------ Records for processing

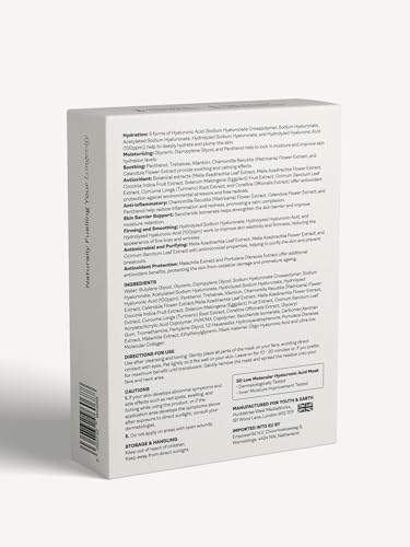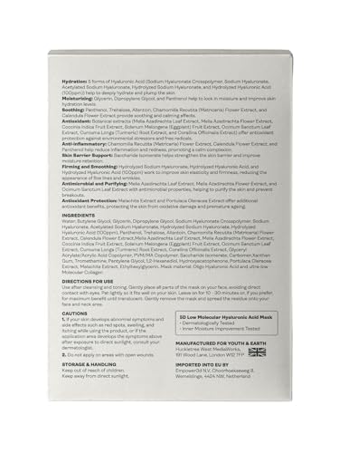 Indulge your skin with the luxurious 5D Low Molecular Hyaluronic Acid Bio-Collagen Face Mask by Youth & Earth. This vegan, dermatologically tested mask provides unparalleled hydration, soothing care, and anti-aging benefits. Available as a single mask or in a pack of 5, it offers a spa-like experience at home. Experience the power of 5 forms of Hyaluronic Acid, including Sodium Hyaluronate Crosspolymer and Hydrolyzed Hyaluronic Acid, for intense hydration and a plump, rejuvenated complexion. Soothing ingredients like Panthenol, Trehalose, and botanical extracts calm irritated skin, promoting balance and serenity. Antioxidant-rich botanicals protect against environmental stressors, reducing signs of aging. Treat yourself to the ultimate skincare luxury with our 5D Low Molecular Hyaluronic Acid Bio-Collagen Face Mask. Cleanse your face thoroughly before applying the mask. Leave the mask on for 10-30 minutes, then gently remove it and massage any remaining essence into the skin. Use regularly to maintain hydrated, youthful, and radiant skin. For optimal results, leave the mask on for 4 hours or until it becomes translucent. For even more benefits, you can wear it overnight and wake up to noticeably brighter skin.More Info
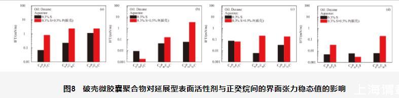 圖8破殼微膠囊聚合物對延展型表面活性劑與正癸烷間的界面張力穩態值的影響
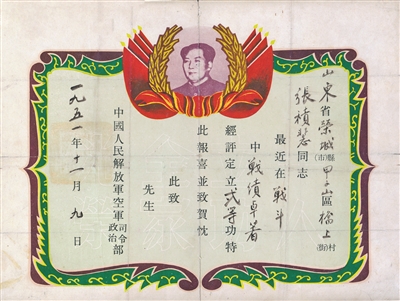在山东博物馆,收藏着一张特殊的喜报。这是1951年11月9日,中国人民解放军空军司令部、政治部发往山东荣成县甲子山区桥上村的喜报,内容是:“张积慧同志最近在战斗中战绩卓著,经评定立二等功,特此报喜,并致贺忱”。这份喜报,记录的正是志愿军空军飞行员张积慧的首次战绩,见证了人民空军在抗美援朝战场上雏鹰奋飞的历史英姿,展现了我军飞行员大无畏的“空中拼刺刀”精神。
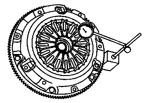 4. Attach a dial gauge to the rear housing, rotate the flywheel, then inspect for height difference between the diaphragm spring fingers.
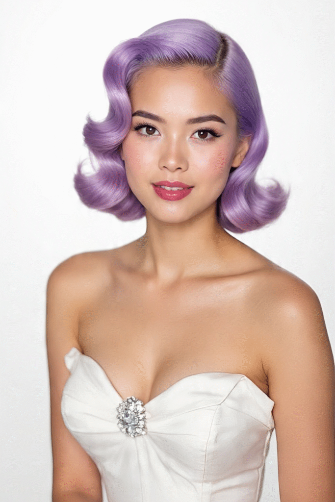 Ein glatter Bob mit Lavendelfarbe, tiefem Seitenscheitel und nach innen geföhnten Spitzen – glamourös mit einem Hauch Vintage.
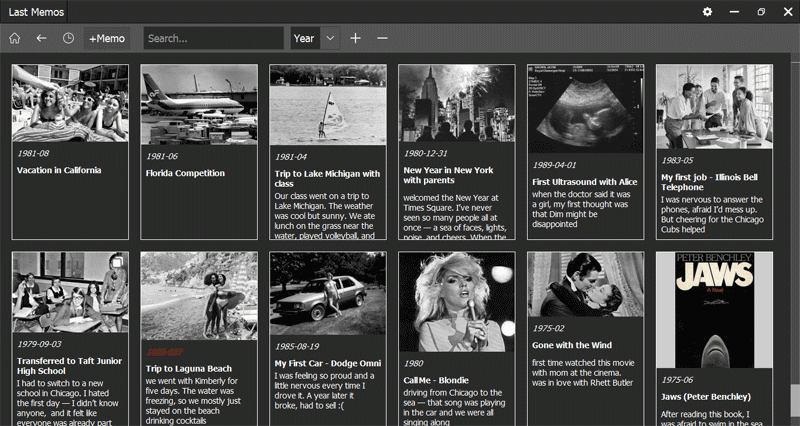 It's Memo app - the most appropriate tool for writing autobiography. This program gives you complete freedom (like Notepad), but at the same time automatically maintains order, forming the correct mosaic. You can add memories in any order. You can add a photo to a memory or not. You can add a title, or you can do without it. You can add a date with any accuracy. If you don't remember - add only the year and a question mark. Such memories with a question mark - stand out in the mosaic, so you will not forget about them and someday find out a more accurate date.
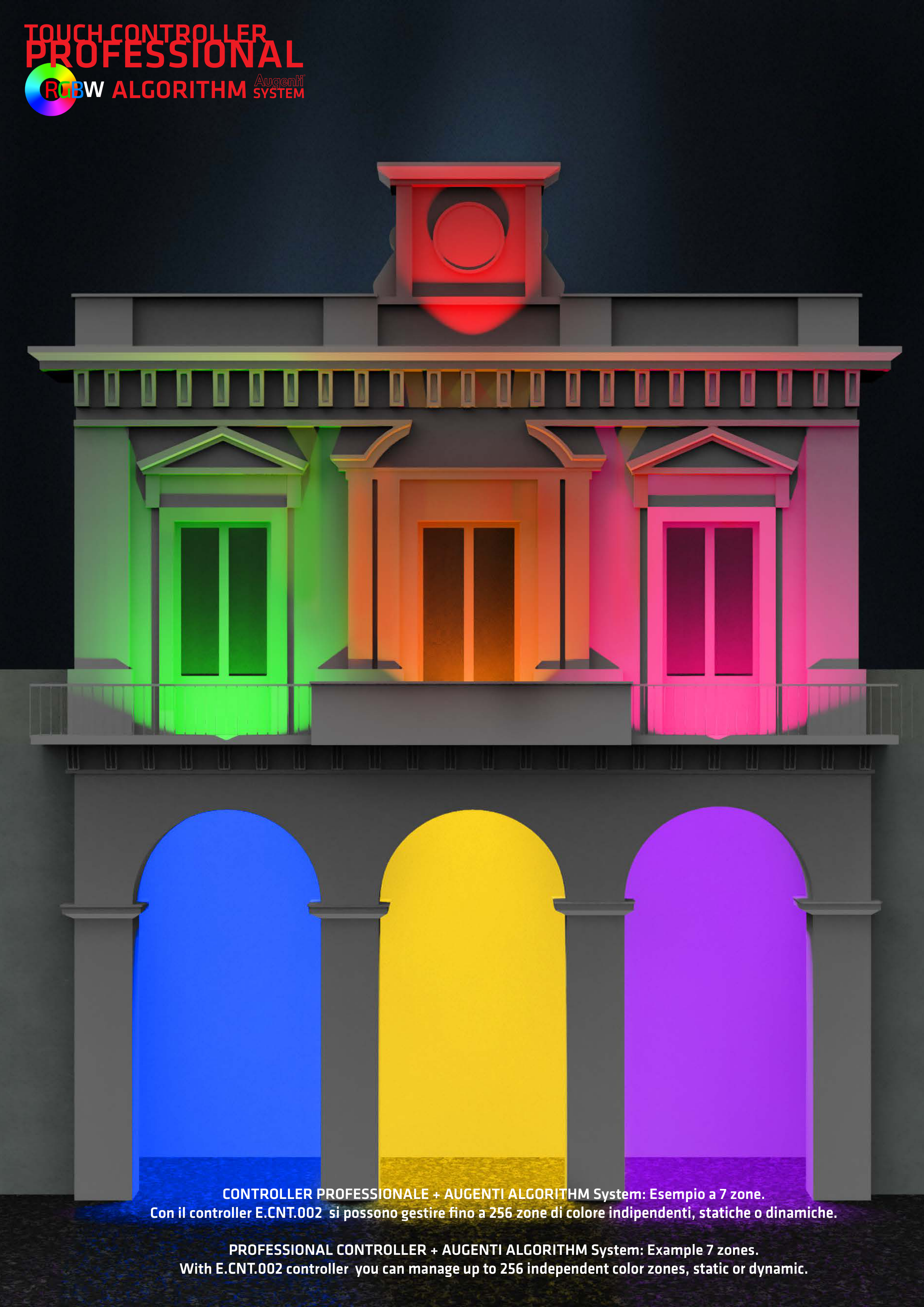 With E.CNT.002 controller you can manage up to 256 independent color zones, static or dynamic.

------------

What is needed is a word-for-word repeat of every line from the line with "在山东博物馆,收藏着一张特殊" to the end of the entries above; leave out the pictures.

在山东博物馆,收藏着一张特殊的喜报。这是1951年11月9日,中国人民解放军空军司令部、政治部发往山东荣成县甲子山区桥上村的喜报,内容是:“张积慧同志最近在战斗中战绩卓著,经评定立二等功,特此报喜,并致贺忱”。这份喜报,记录的正是志愿军空军飞行员张积慧的首次战绩,见证了人民空军在抗美援朝战场上雏鹰奋飞的历史英姿,展现了我军飞行员大无畏的“空中拼刺刀”精神。
 4. Attach a dial gauge to the rear housing, rotate the flywheel, then inspect for height difference between the diaphragm spring fingers.
 Ein glatter Bob mit Lavendelfarbe, tiefem Seitenscheitel und nach innen geföhnten Spitzen – glamourös mit einem Hauch Vintage.
 It's Memo app - the most appropriate tool for writing autobiography. This program gives you complete freedom (like Notepad), but at the same time automatically maintains order, forming the correct mosaic. You can add memories in any order. You can add a photo to a memory or not. You can add a title, or you can do without it. You can add a date with any accuracy. If you don't remember - add only the year and a question mark. Such memories with a question mark - stand out in the mosaic, so you will not forget about them and someday find out a more accurate date.
 With E.CNT.002 controller you can manage up to 256 independent color zones, static or dynamic.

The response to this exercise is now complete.